**Assigned task**
If pictures appear in the lines below, skip them and copy exactly the lines from the one containing "在学位授予环节,毕业生一一上台,接受师长们拔穗并合影留念。" through the one containing "Eye-catching star-shaped decor", and nothing else.

(Excerpts from a dataset)
·····

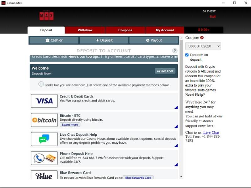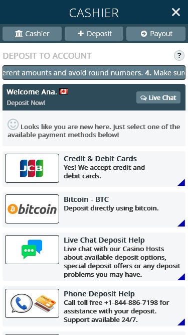 这家赌场的银行系统还不错,尽管它受到任何对美国友好的赌场都会面临的限制。存款和取款可以通过电子支票、银行转账、万事达卡、Visa、Skrill、Neteller 和 ecoPayz 进行。奖金的待处理时间为 24-48 小时,之后的 3-5 个工作日内支付完成。每周奖金提现限额为 4,000 美元。
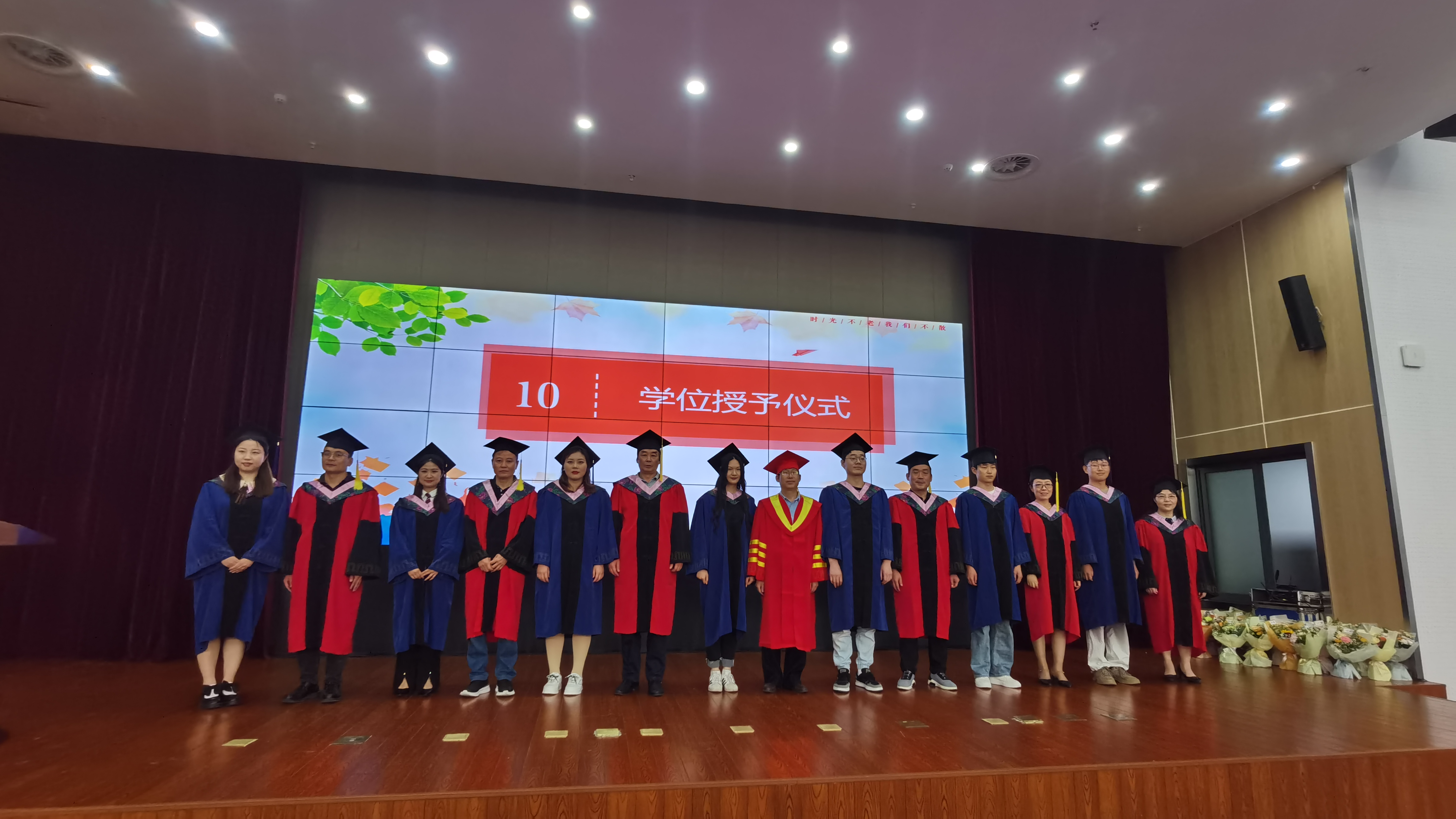 在学位授予环节,毕业生一一上台,接受师长们拔穗并合影留念。
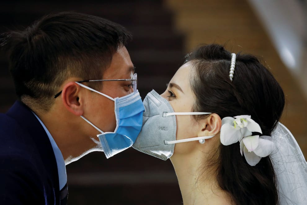 在首都河內,兩位牙醫師於這天成婚,但即使是在親吻對方的時刻,他們也沒有把口罩拿下來。
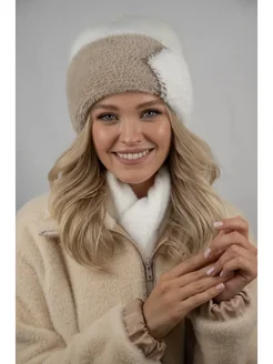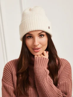 Шапка бини вязаная с отворотом зимняя енот
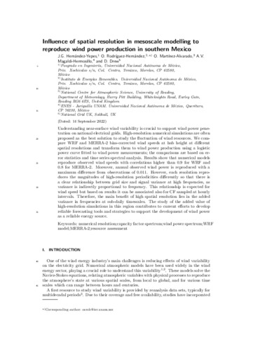 Influence of spatial resolution in mesoscale modeling to reproduce wind power production in southern Mexico.
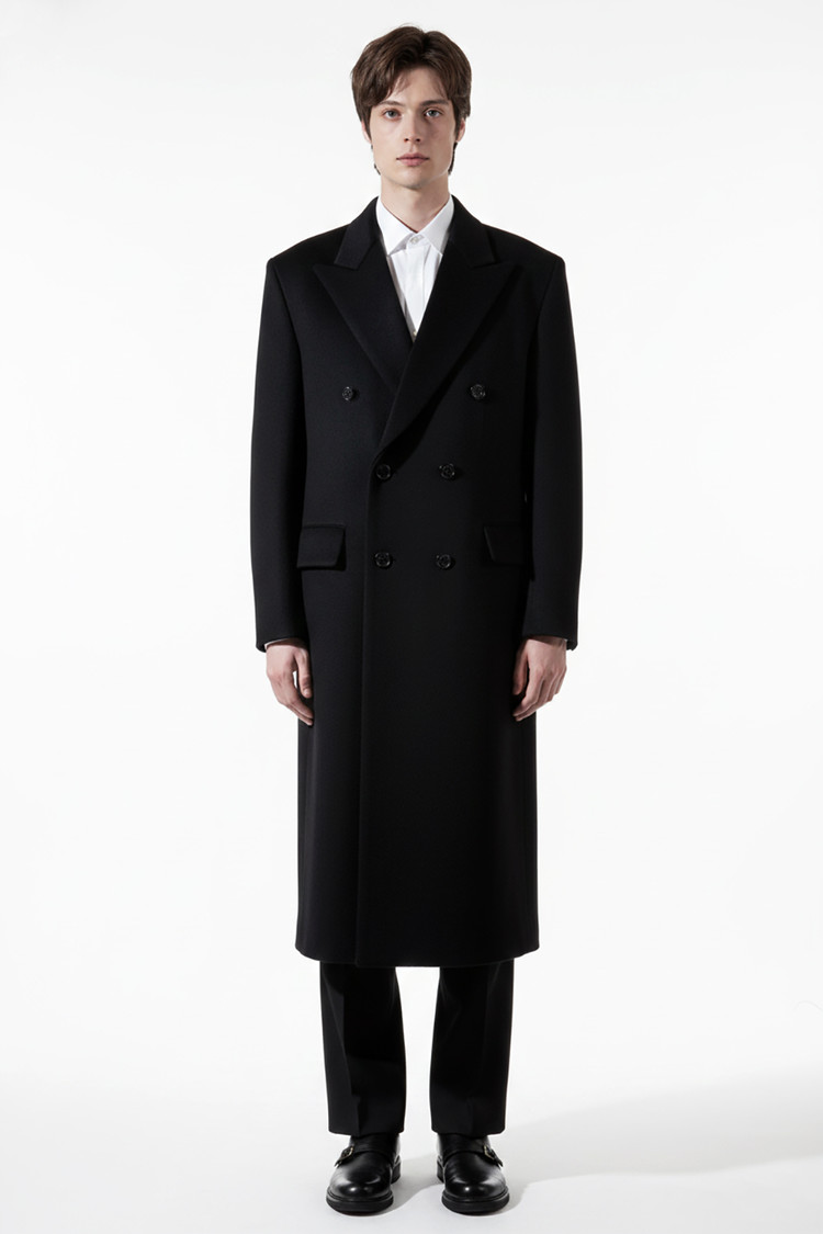 최고급 캐시미어 50% + 울 50% / 색상 BLACK 블랙 / 소뿔단추 100%
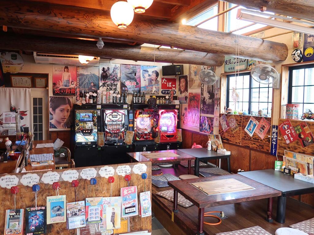 パチンコ台やカラオケ、テレビゲームなども設置されており、食事だけでなく遊びながら過ごせるのも魅力です。
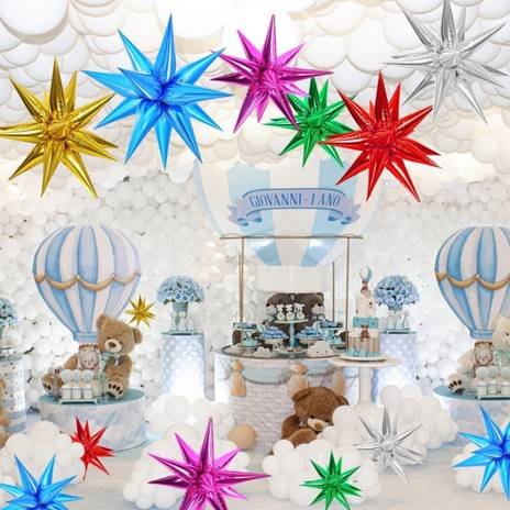 Eye-catching star-shaped decor pieces, perfect for adding sparkle to birthday celebrations. Lightweight, shiny, and easy to hang.
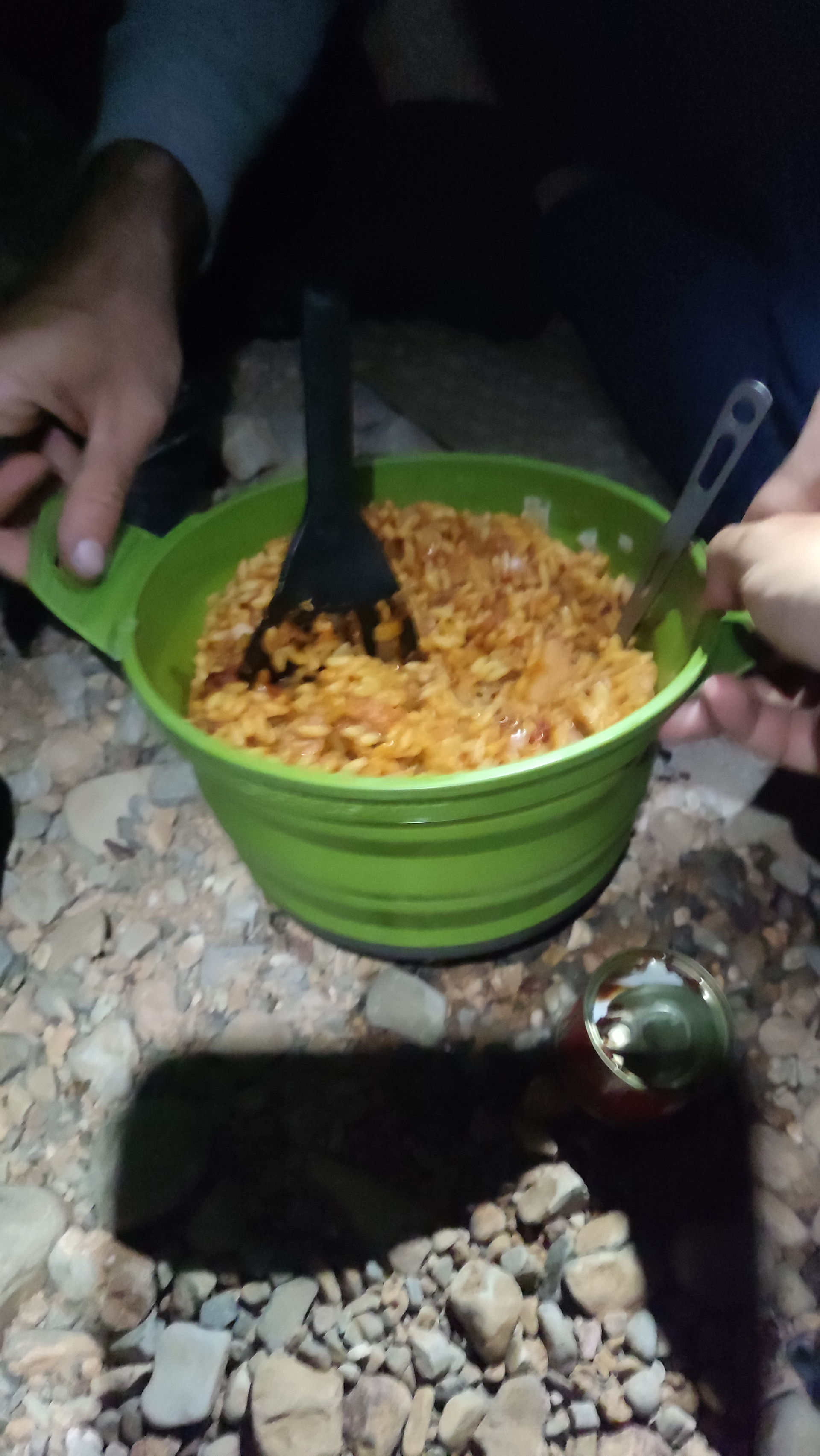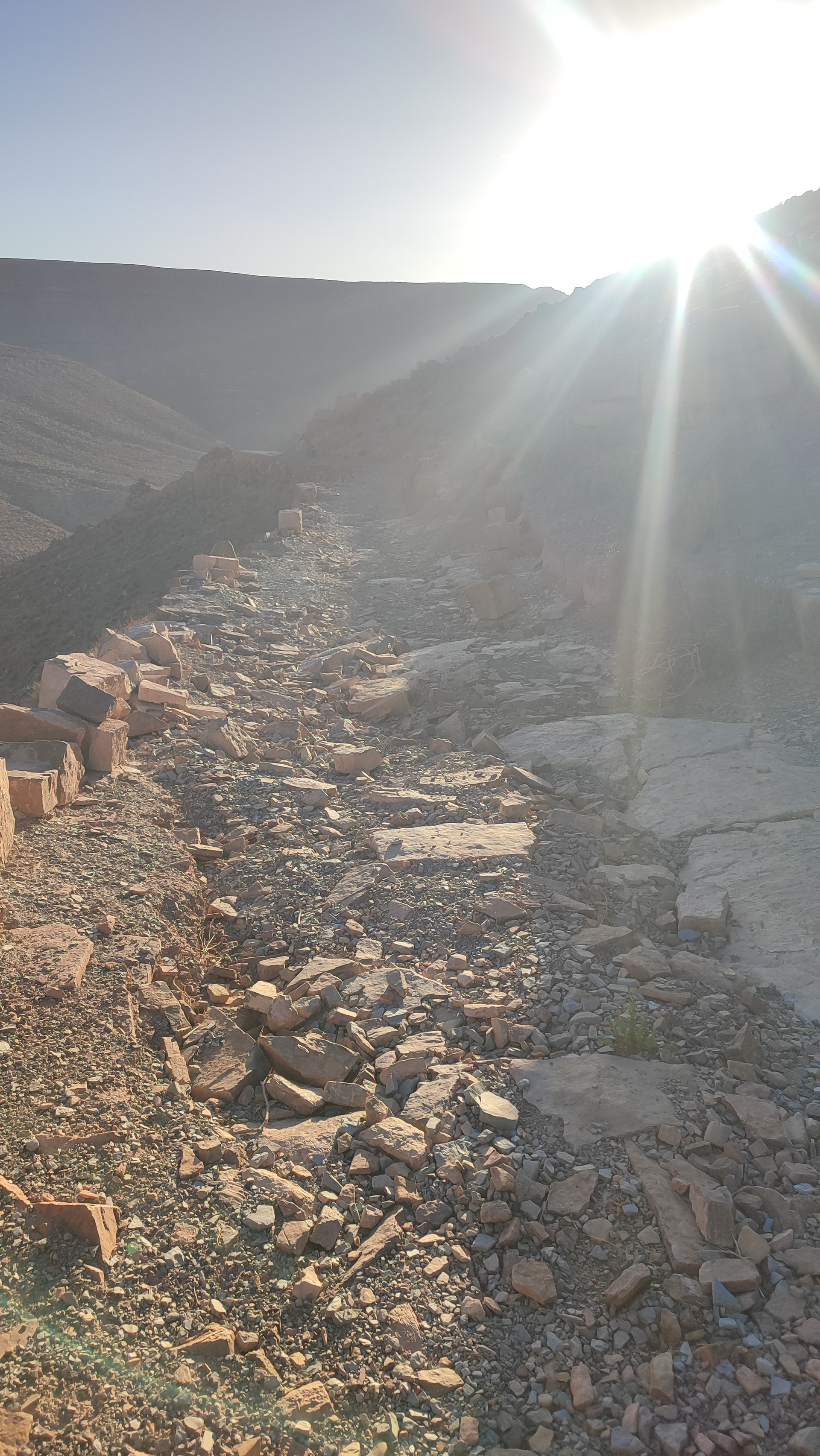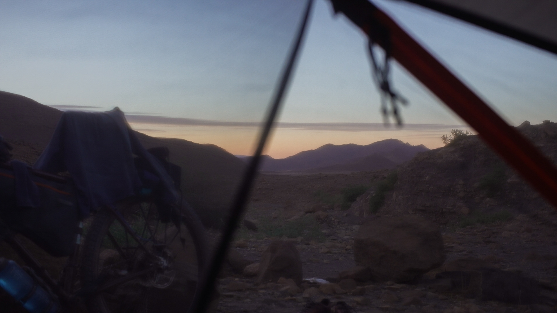 Langsam wird es Zeit für einen Platz für die Zelte, leider ist der Wind ziemlich stark, und mein alter Bekannter, das Flussbett, ist wieder da. Schnell würden wir nicht voran kommen, und nirgendwo ist eine Ruine für Windschutz zu sehen. Immerhin werden wir in einem Nebenarm des Flussbetts fündig, der Boden ist komplett voll mit Steinen, aber immerhin ist der Wind nicht so stark. Wir bauen die Zelte auf, und im letzten Licht gibt es die übliche Flaschendusche. Danach wird gekocht, Basil und ich machen gemeinsam einen riesen Topf Nudeln, diese sollten meinen Magen vielleicht etwas weniger belasten als nochmal Linsensuppe. Vor dem Essen war mir kalt und ich habe eine Jacke angezogen, dem Rest war aber eher warm. Mit vollem Magen kommt aber auch bei mir die Energie zurück. Kurz vorm Ins-Zelt-Steigen bekomme ich Besuch von einer Libelle im Zelt. Basil erzählt, dass er gestern auch ein Libellenpaar in seinem Zelt hatte, die er aber töten musste. Jack bezeichnet das Drama als marokkanisches Romeo und Julia. Unter dem wie immer beeindruckenden Sternenhimmel werden Vor- und Nachteile von Schlafsocken diskutiert. Ich bin besonders froh über meine dicke Luft Isomatte, die mich den sehr steinigen Untergrund nicht spüren lässt.
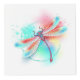 Rojo, volador, dibujado artísticamente, en colores brillantes con hiridismo texturizado, alas azules sobre fondo blanco, pintadas con salpicaduras de pintura acuarela. Flora de dragón roja brillante.
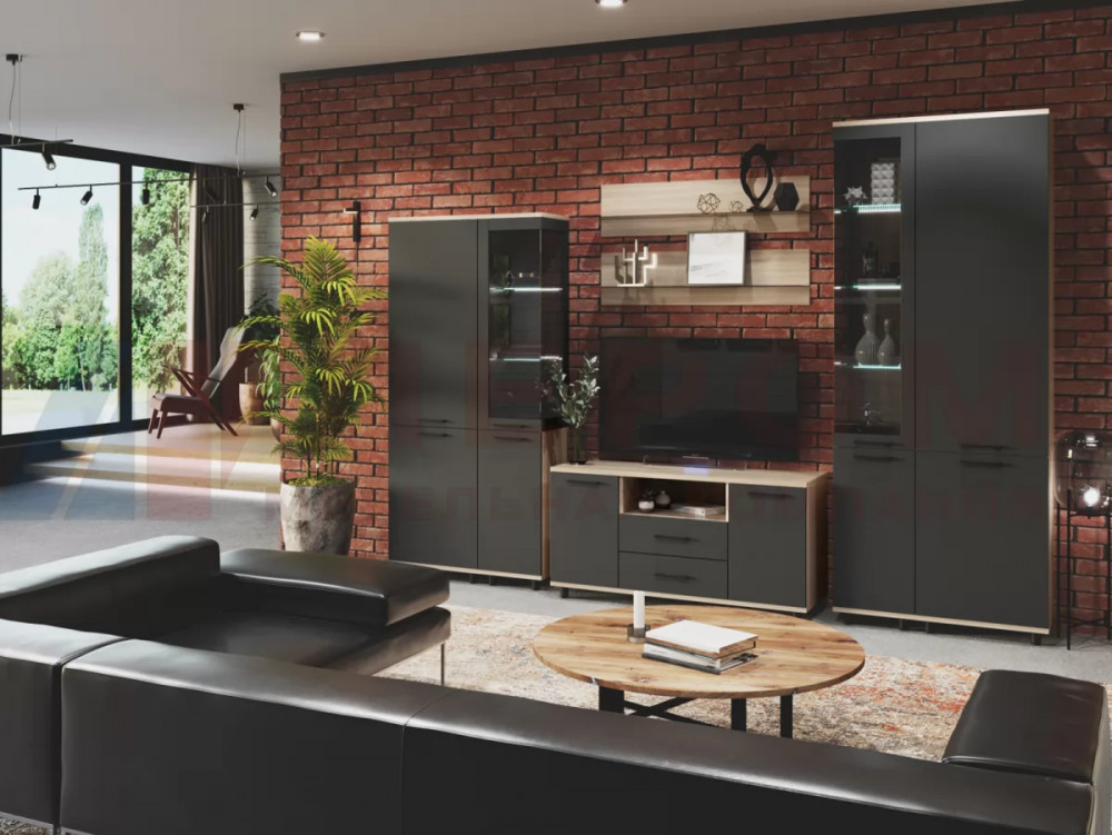 СИДНЕЙ-1 Центральная секция (ш1850*г430*в2000мм), ЛДСП Белый/ЛДСП Ателье светлое
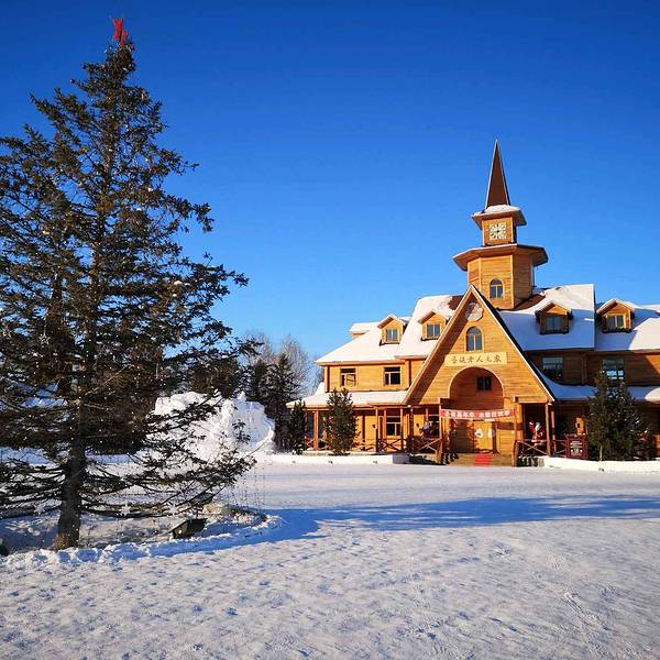 是北极村标志性建筑,独具异域冰雪风情北极圣诞村据说是英国人设计的,位于中国最北的边陲小镇北极村东面,有圣诞老人之家、最北邮局纪念品商店、光电圣诞树等建筑。是北极村标志性建筑,独具异域冰雪风情。

·····

**Exercise output**
 在学位授予环节,毕业生一一上台,接受师长们拔穗并合影留念。
 在首都河內,兩位牙醫師於這天成婚,但即使是在親吻對方的時刻,他們也沒有把口罩拿下來。
 Шапка бини вязаная с отворотом зимняя енот
 Influence of spatial resolution in mesoscale modeling to reproduce wind power production in southern Mexico.
 최고급 캐시미어 50% + 울 50% / 색상 BLACK 블랙 / 소뿔단추 100%
 パチンコ台やカラオケ、テレビゲームなども設置されており、食事だけでなく遊びながら過ごせるのも魅力です。
 Eye-catching star-shaped decor pieces, perfect for adding sparkle to birthday celebrations. Lightweight, shiny, and easy to hang.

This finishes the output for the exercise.